- **Exercise directions**:
Starting at the line that contains "美國Transcell稱重傳", quote every line through the end of the entries, word for word, skipping the pictures.

Stored data
----------

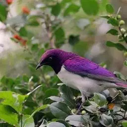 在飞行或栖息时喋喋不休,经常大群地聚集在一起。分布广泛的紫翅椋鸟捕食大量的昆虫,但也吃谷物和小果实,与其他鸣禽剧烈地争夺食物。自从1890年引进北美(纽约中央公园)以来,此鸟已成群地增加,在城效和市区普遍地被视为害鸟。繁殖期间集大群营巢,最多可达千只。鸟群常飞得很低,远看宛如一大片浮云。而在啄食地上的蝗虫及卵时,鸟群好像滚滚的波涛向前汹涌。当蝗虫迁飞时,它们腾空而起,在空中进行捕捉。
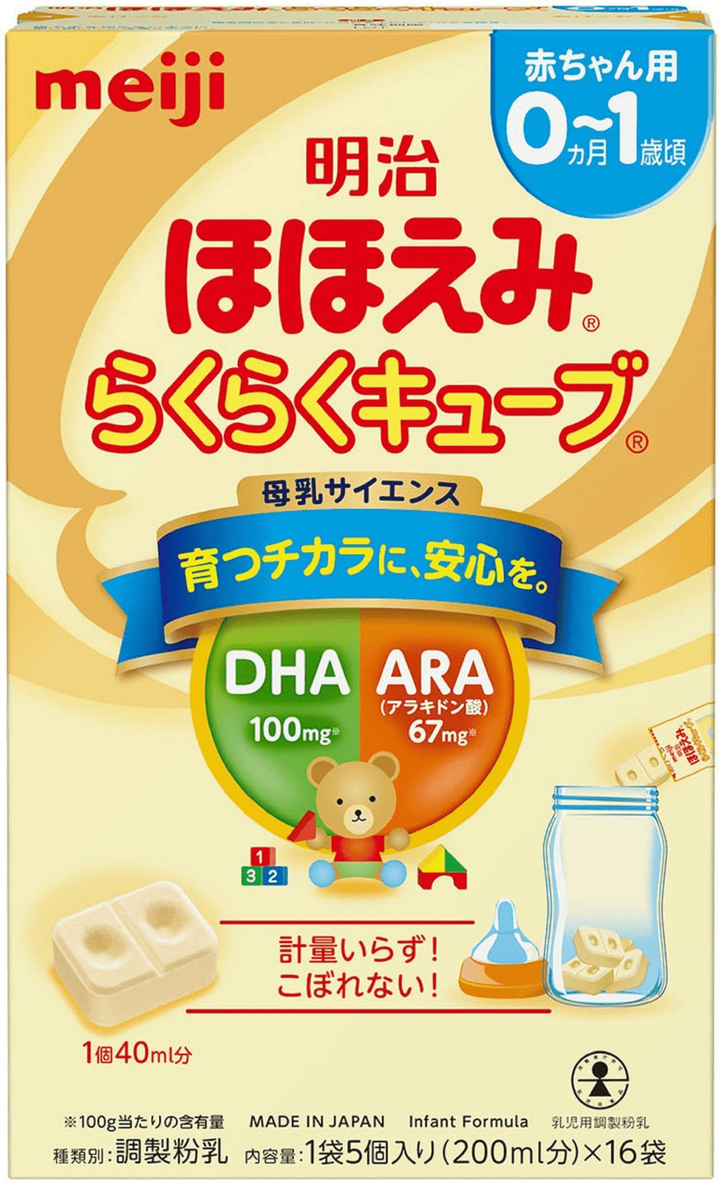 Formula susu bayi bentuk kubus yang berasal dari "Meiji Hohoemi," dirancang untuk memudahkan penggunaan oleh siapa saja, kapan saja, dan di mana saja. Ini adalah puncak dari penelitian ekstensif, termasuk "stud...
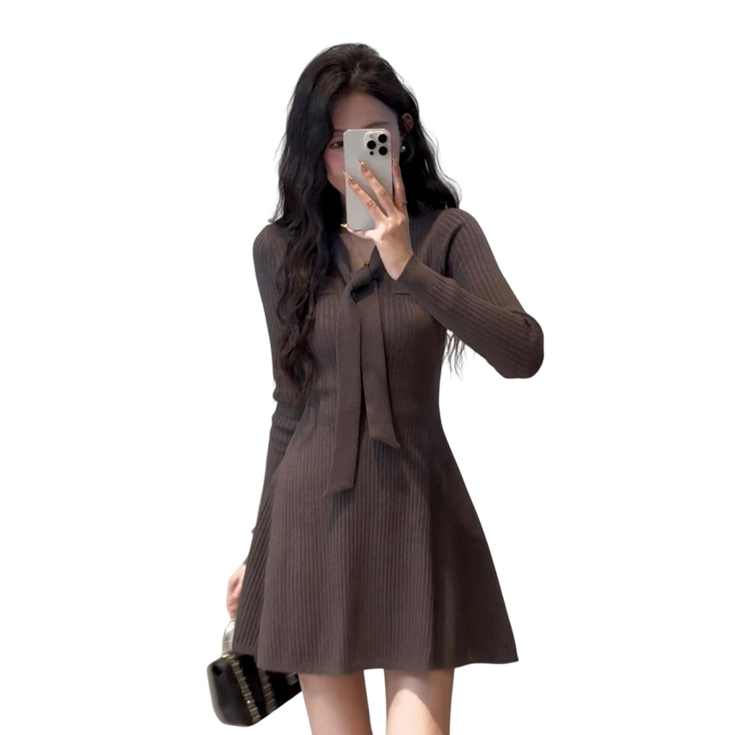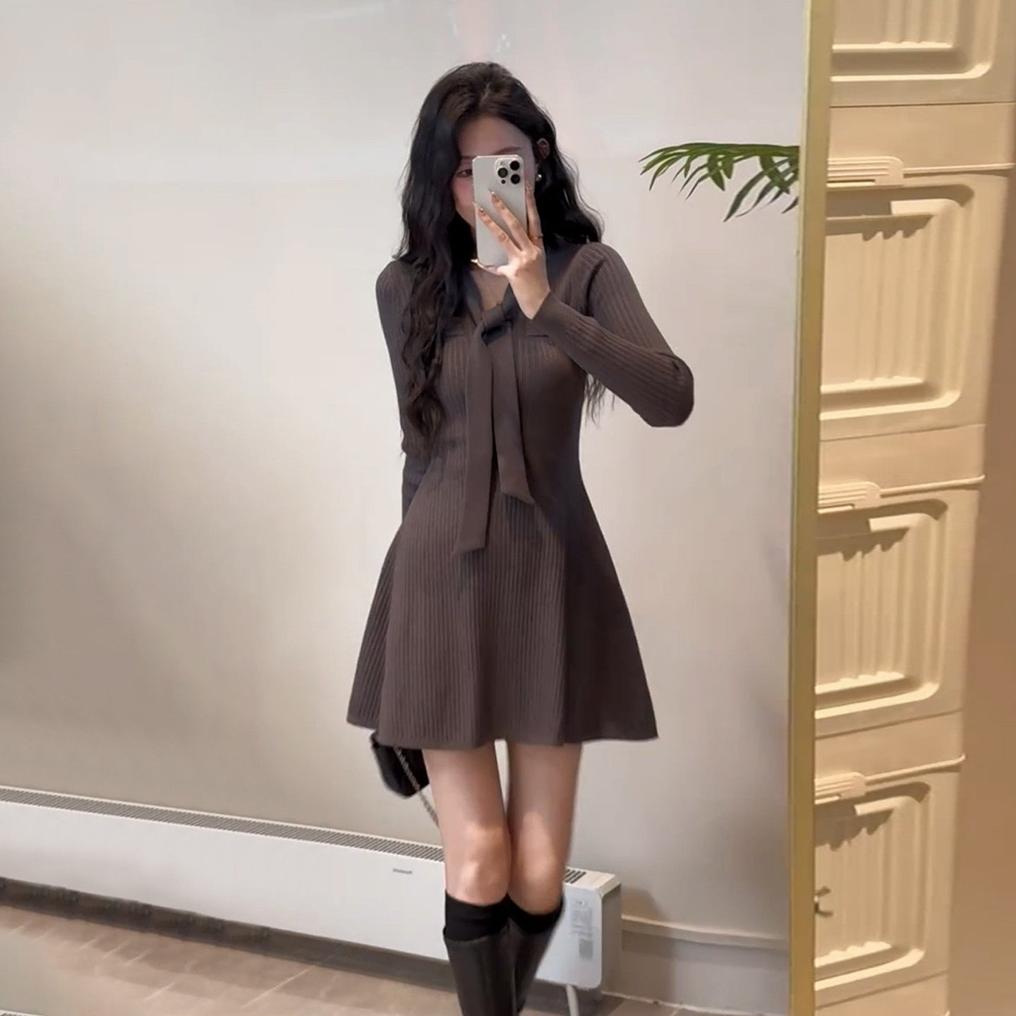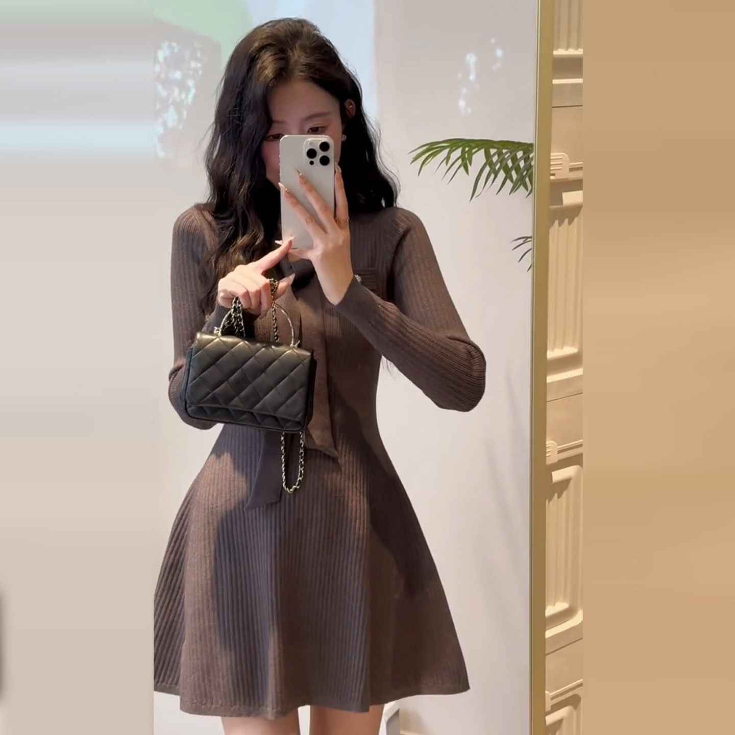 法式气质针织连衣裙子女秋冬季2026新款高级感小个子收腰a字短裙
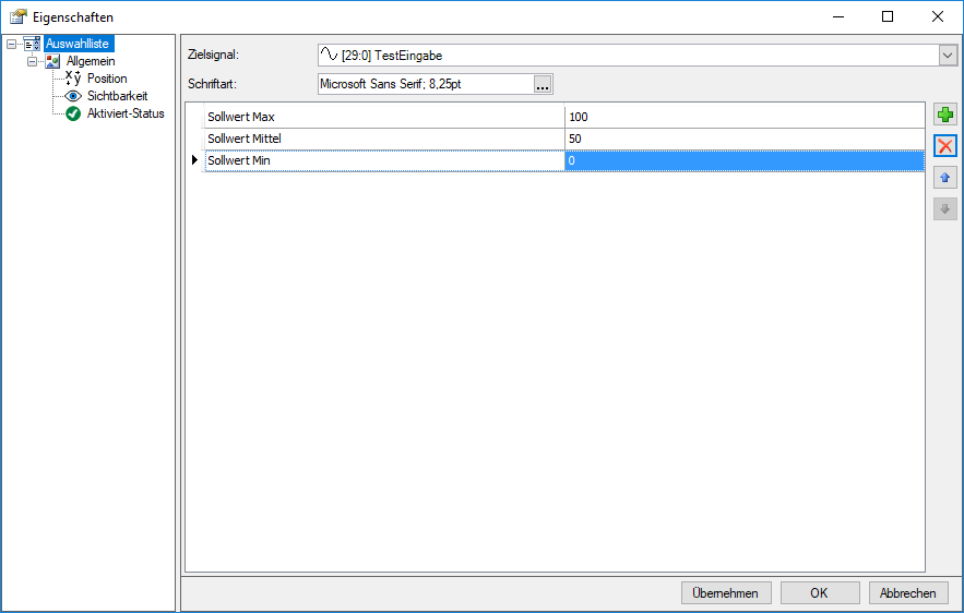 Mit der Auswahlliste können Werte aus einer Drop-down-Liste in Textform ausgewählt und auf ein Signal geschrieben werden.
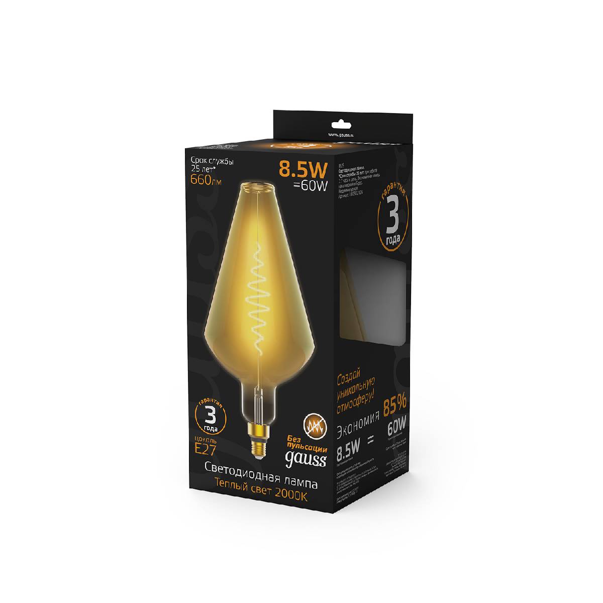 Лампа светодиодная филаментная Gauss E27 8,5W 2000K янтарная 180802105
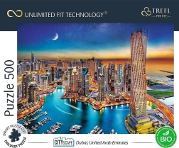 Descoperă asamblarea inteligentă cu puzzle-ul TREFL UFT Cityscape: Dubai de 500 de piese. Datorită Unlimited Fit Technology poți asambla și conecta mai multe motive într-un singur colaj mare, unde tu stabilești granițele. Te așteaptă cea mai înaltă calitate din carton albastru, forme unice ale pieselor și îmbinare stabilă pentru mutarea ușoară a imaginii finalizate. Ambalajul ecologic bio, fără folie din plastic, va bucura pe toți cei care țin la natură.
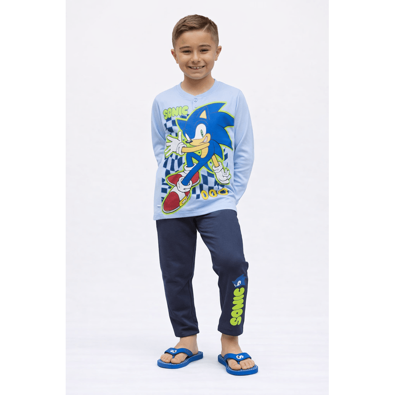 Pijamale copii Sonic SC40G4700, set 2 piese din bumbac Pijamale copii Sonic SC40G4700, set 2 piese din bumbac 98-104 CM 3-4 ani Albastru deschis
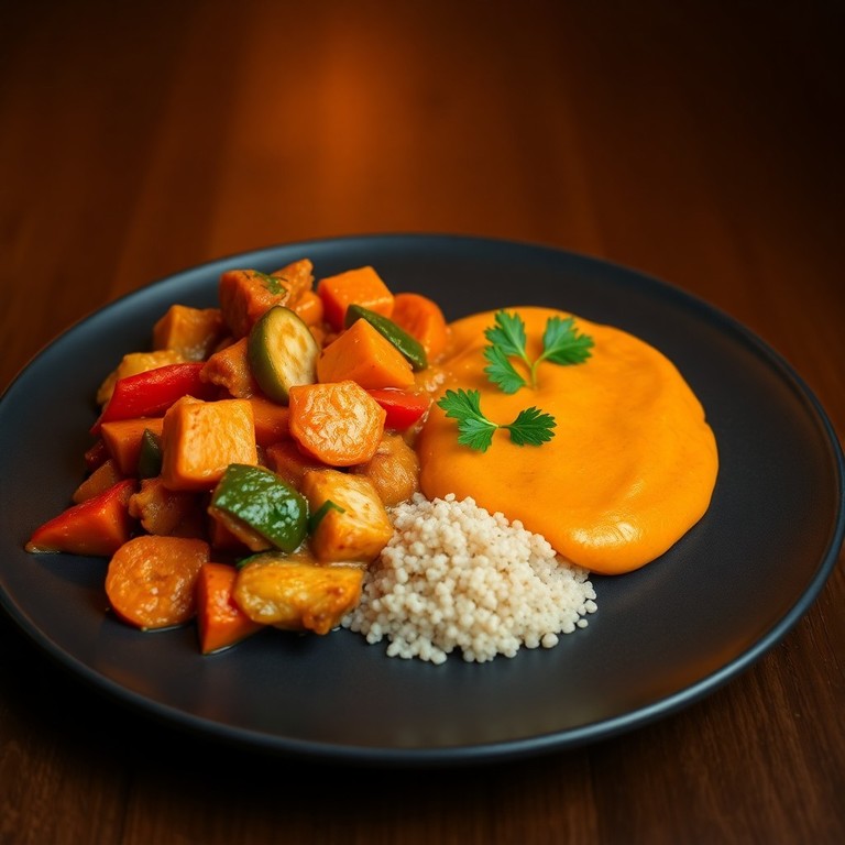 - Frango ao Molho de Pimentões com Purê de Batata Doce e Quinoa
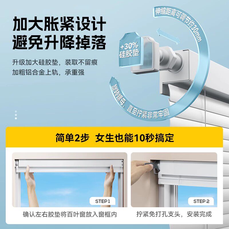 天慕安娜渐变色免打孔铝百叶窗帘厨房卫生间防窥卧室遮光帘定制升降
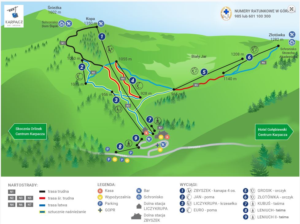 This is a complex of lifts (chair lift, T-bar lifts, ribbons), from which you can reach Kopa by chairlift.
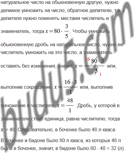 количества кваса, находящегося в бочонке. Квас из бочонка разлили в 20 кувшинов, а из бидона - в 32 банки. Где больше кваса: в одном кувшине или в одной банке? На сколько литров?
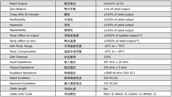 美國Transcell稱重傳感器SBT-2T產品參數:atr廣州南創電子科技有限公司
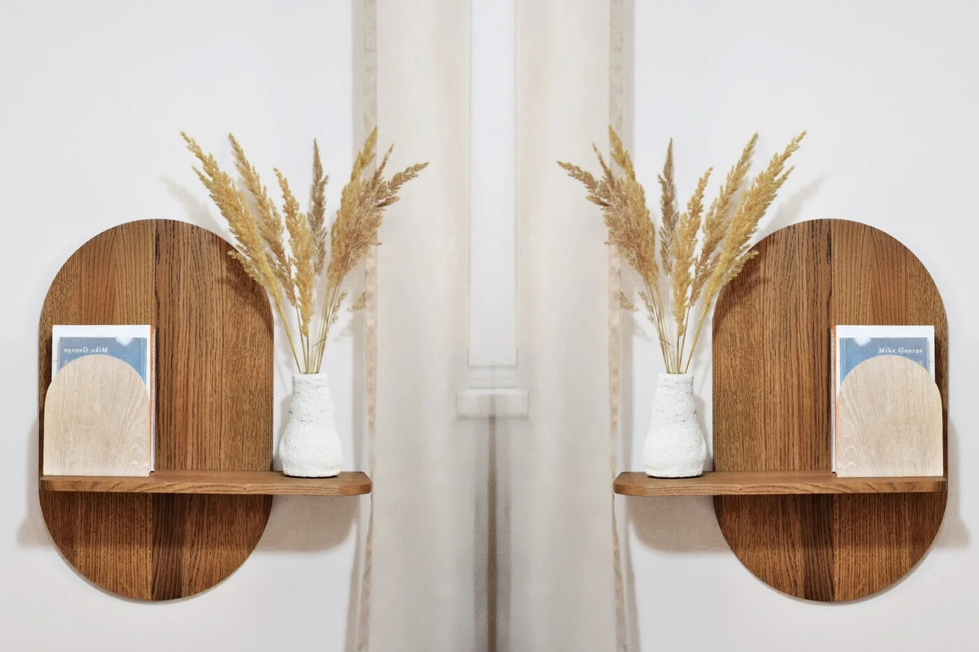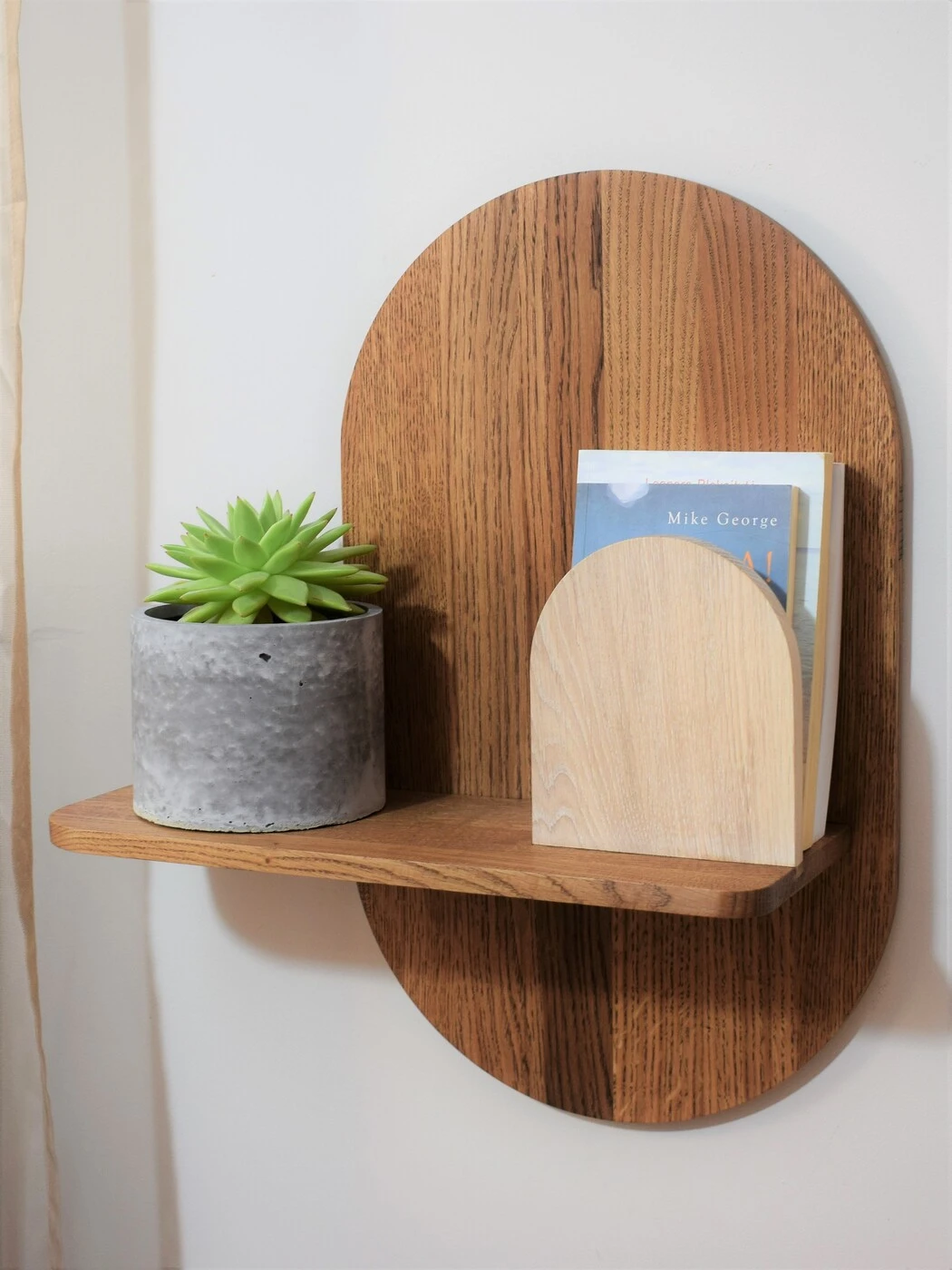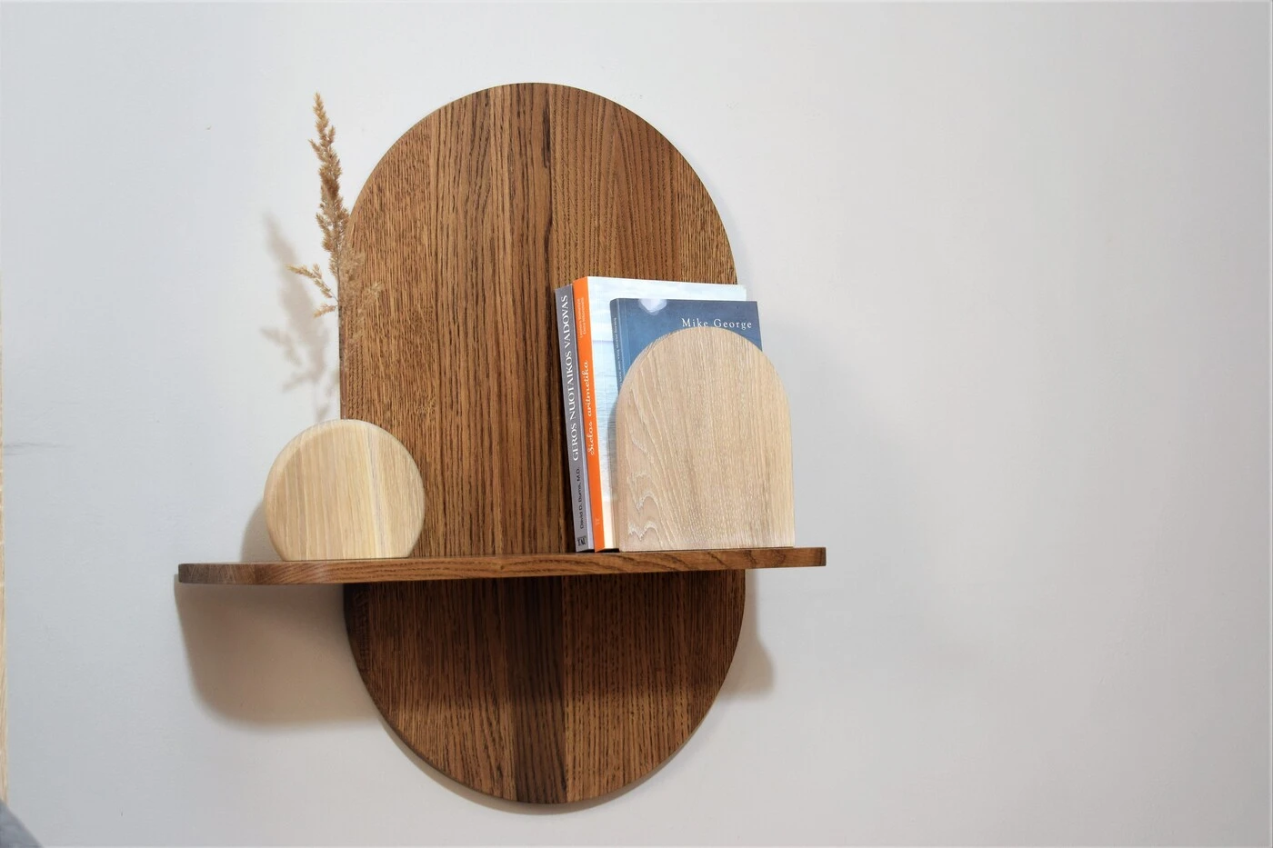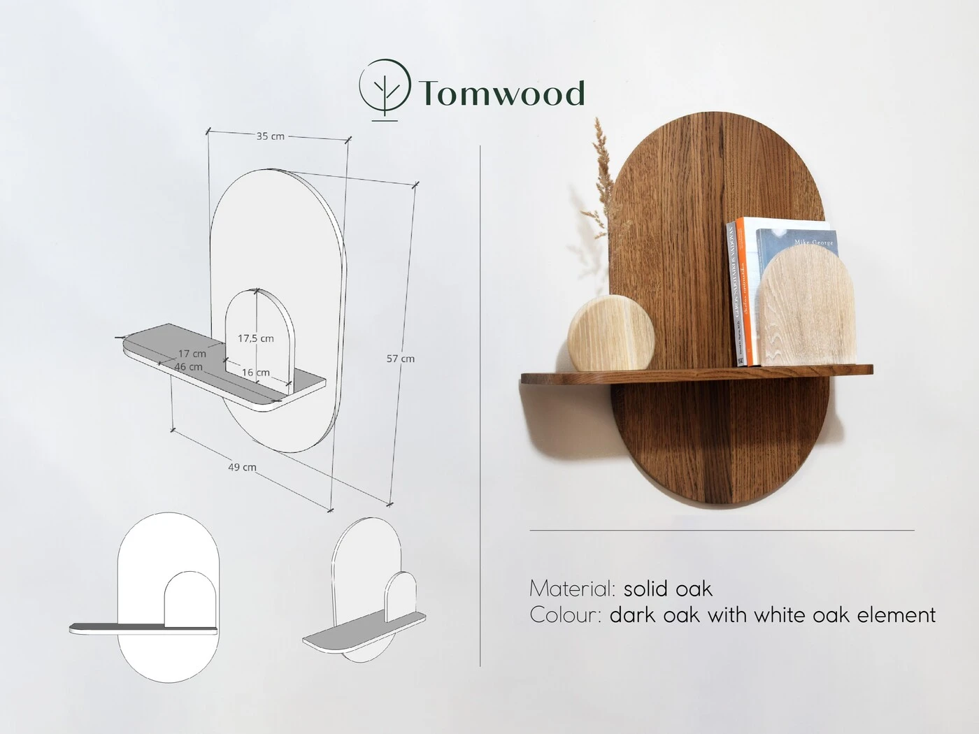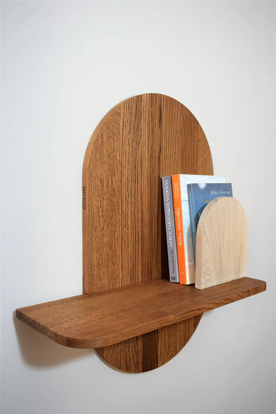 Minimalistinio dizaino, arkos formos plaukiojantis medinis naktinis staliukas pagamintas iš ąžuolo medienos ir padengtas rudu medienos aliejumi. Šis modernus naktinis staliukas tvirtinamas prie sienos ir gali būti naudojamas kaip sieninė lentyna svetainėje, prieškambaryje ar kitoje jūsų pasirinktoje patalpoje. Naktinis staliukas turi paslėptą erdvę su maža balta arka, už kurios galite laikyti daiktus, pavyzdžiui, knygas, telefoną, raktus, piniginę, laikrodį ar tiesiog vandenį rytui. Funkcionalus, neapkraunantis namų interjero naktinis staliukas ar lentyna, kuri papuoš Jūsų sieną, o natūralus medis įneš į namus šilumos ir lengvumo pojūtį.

----------

- **Response**:
 美國Transcell稱重傳感器SBT-2T產品參數:atr廣州南創電子科技有限公司
 Minimalistinio dizaino, arkos formos plaukiojantis medinis naktinis staliukas pagamintas iš ąžuolo medienos ir padengtas rudu medienos aliejumi. Šis modernus naktinis staliukas tvirtinamas prie sienos ir gali būti naudojamas kaip sieninė lentyna svetainėje, prieškambaryje ar kitoje jūsų pasirinktoje patalpoje. Naktinis staliukas turi paslėptą erdvę su maža balta arka, už kurios galite laikyti daiktus, pavyzdžiui, knygas, telefoną, raktus, piniginę, laikrodį ar tiesiog vandenį rytui. Funkcionalus, neapkraunantis namų interjero naktinis staliukas ar lentyna, kuri papuoš Jūsų sieną, o natūralus medis įneš į namus šilumos ir lengvumo pojūtį.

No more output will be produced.